Secretary of the Navy Lawrence Garrett ultimately resigned and Kelso was forced to retire two months early amid the scandal and aviator complaints that he had failed to ensure due process for accused personnel. Nonetheless, the Navy and its leadership were roundly criticized for minor punishments handed out to a few officers. Kelso offered his resignation to President Clinton during this time, but President Clinton rejected this offer. Kelso was succeeded as CNO by Admiral Jeremy M. Boorda on 23 April 1994.

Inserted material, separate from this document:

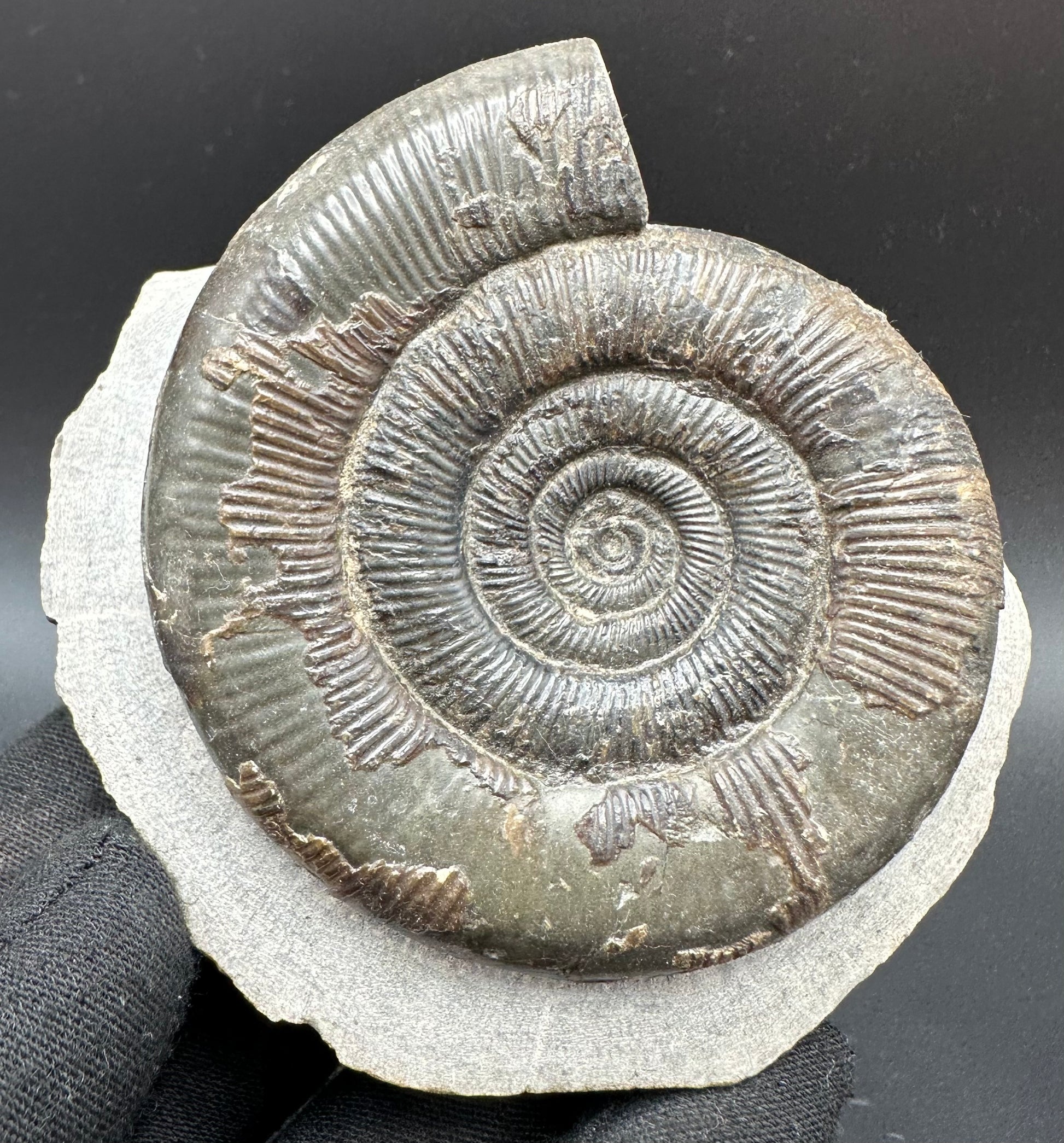 Dactylioceras tenuicostatum Ammonite fossil with box and stand - Whitby, North Yorkshire Jurassic Coast

Interference by Senator Barbara Boxer

Shortly before his retirement, Senator Barbara Boxer (D-CA) attempted to punish Admiral Kelso by recommending a reduction in rank from four-star Admiral to two-star Rear Admiral (Upper Half). Under Congressional law, all military promotions for flag officers to have three or four stars are at the behest of the Senate, and said promotions can be revoked, as was the case of Pacific Fleet Commander Husband Kimmel following the Pearl Harbor attack, who was demoted from 4-star to 2-star rank; and Richard Dunleavy, Kelso's Assistant Chief of Naval Operations for Air Warfare, who was demoted from 3-star to 2-star rank as a result of Tailhook. Boxer claimed Kelso was deserving of punishment on the grounds that as the Navy's top officer, he bore ultimate responsibility for what happened at Tailhook.

Boxer's attempt at punishment failed when a majority of Senators agreed that Kelso had taken the correct and proper actions in handling the affair. Accordingly, he was allowed to retire at his full four-star rank. Kelso's supporters praised his overhaul of officer training that eliminated the separate Aviation Officer Candidate School (AOCS) at NAS Pensacola, FL, for non-USNA and non-NROTC college graduates that had traditionally set many naval aviators and naval flight officers apart from their other officer peers, and for tough new policies on sexual harassment. Had Kelso been demoted, it would have been a significant loss in his military pension.

Medals and Awards

Defense Distinguished Service Medal
Navy Distinguished Service Medal (3 Awards)
Legion of Merit (4 Awards)
Meritorious Service Medal
Navy Commendation Medal

In Retirement

Admiral Kelso currently resides in his place of birth in Fayetteville, TN.